Sylvester and his team “take what they do extremely seriously,” Berenson said, “and when we used live snakes they were right there so that if anybody was having an issue they could deal with it. Jules was so funny. He said, ‘I have to implore you all to please make sure the set is plugged, with no openings. At the end of the day, I don’t want to have to account for 100 snakes and only have 97.’”

“What was really funny,” Sylvester said, “was when all the extras would be sitting in a line of airline seats when the director would yell, ‘Cut!’ There’d be 30 or 40 snakes on the extras, on their laps and by their feet, and I couldn’t climb over the seats to get them. It was like passing popcorn and hot dogs at the ball game. I’d say, ‘Could you please pass those three snakes? Thank you. Just pass them down the row, please.’”

I was unable to interview Sam Jackson because he was out of the country, but the film’s production notes quote him: “The first day I showed up I went to see the snakes and see how they were dealing with them.

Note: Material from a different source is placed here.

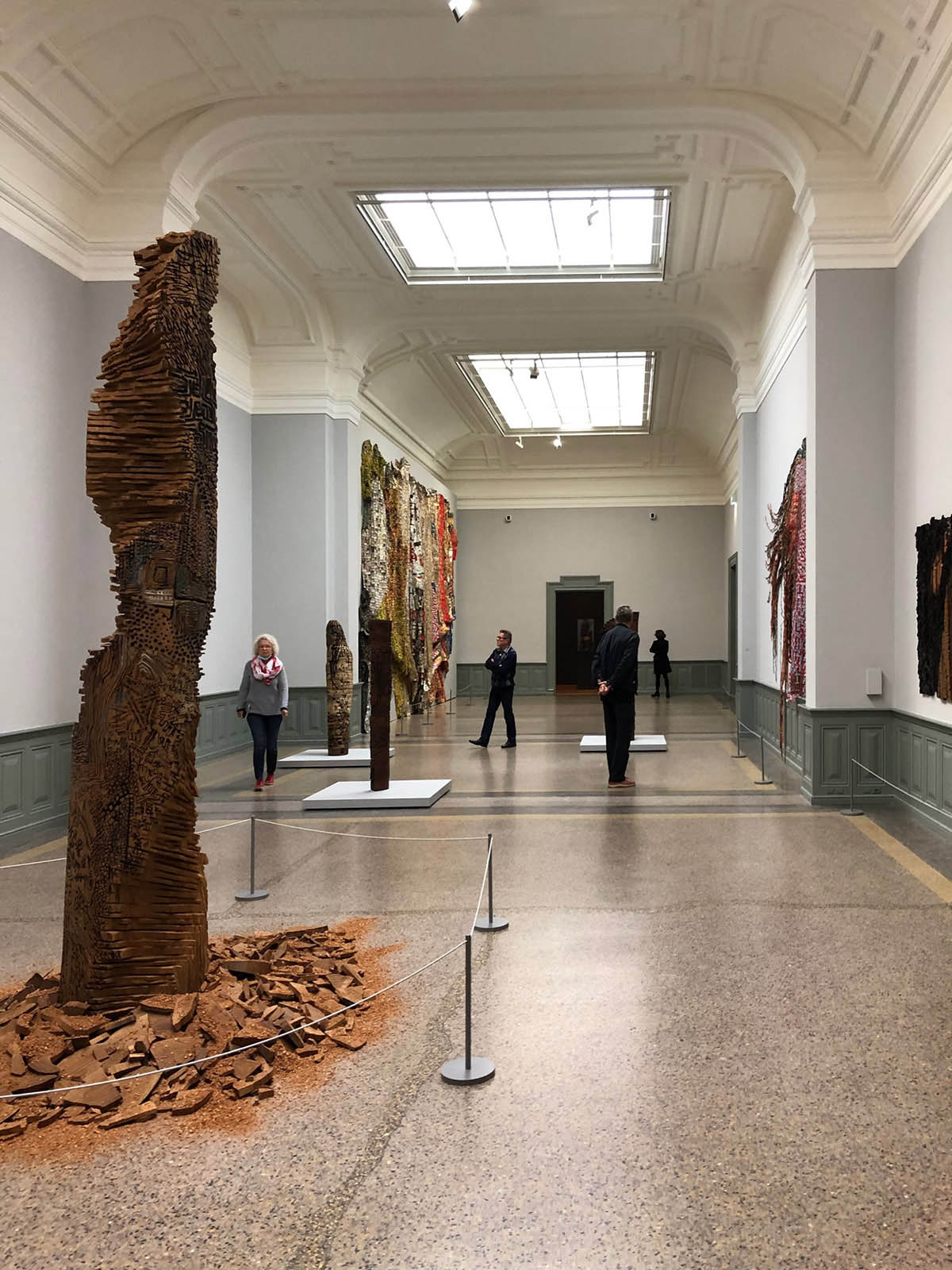 Îmi aduc aminte că, acum șase ani, la Metropolitan Museum în New York, fără să știu nimic despre el, privirea mi-a fost atrasă de la distanță de una dintre gigantele sale tapiserii. Curiozitatea din mine era chemată ca de un magnet fără să-mi explic de ce. De departe, piesa părea o pictură pointilistă abstractă cu străluciri mate; mai de aproape, lăsa vederii o plăcută textură mlădioasă, învăluitoare, atârnată în falduri generoase neregulate; împinsă de dorința de a afla mai mult, am observat în imediata vecinătate că „punctele” nu erau altceva decât banale capace și bucățele de metal de la sticle de băutură. Zeci de mii de fragmente, tăiate și modelate în dimensiuni relativ egale erau asamblate cu fir de cupru într-o copleșitoare structură maleabilă: mantaua unui rege din vremuri mitice.

They were doing a test of when the oxygen masks fall down, and they were dumping a big bucket of snakes on a guy’s head. It was fun to watch the snakes hit him and then go into his pockets and down his shirt. I was OK with that, but my agent said she didn’t want snakes within 20 feet of me.” A clause was put in Jackson’s contract stating this.

When I asked about the clause, Berenson said, “I think the agents were fearful that the actors were going to be around venomous snakes. The irony was that Sam’s interaction with the snakes was less than others’ because he’s the one who’s directing everyone to get away from the snakes.”

Though Jackson didn’t come into contact with any live snakes, “he was fine with the snakes,” Sylvester said. “He came into the snake house several times. He thought they were pretty fascinating.”

The presence of snakes certainly changed the atmosphere on set. “There was always this thing where people were really paying attention,” Ellis said. “They stopped playing with their Blackberries the minute they knew the snakes were coming on board, especially Kitty.”

The SOAP Phenomenon

The cottage industry that fans have created around the movie is amazing. “The fans are known as snakesonaplaniacs,” Heffernan said. “There are about 200 different kinds of T-shirts, bumper stickers and SOAP bracelets. New Line couldn’t be happier and was smart enough to let this thing grow and let the fans do their own thing. You’d be amazed at how many hours people have spent making Photoshop posters, movie trailers and songs. It’s great because they’ve taken the movie and made it their own.”

While snakes are once again being promoted as scary creatures in a movie, hopefully a fun time can be had by all when the film opens on August 18, including snake fans who recognize that the “coral snakes” are really milk snakes. (Parents should know, too, that the movie is rated R.)

A talk with Jules Sylvester wouldn’t be complete without asking him about upcoming film projects. A Ben Stiller comedy called Balls of Fury (it’s about ping pong), recently needed a lizard, and he just finished Casino Royale, the new James Bond film. “I worked with a reptile on that, and that’s all I can tell you because otherwise I’ll have to kill you. It’s a doozy.” That’s got me wondering!

In closing, I have a message for REPTILES readers from writer John Heffernan: “To all you reptile fans,” he said, “you’ll get to see some great snake action come August 18. And if I didn’t get everything scientifically right, don’t hold it against me too much, please.”

Richard Ellis has a message, too: “Go and see the movie 20 times.”

Do so, and you will have joined the ranks of the snakesonaplaniacs.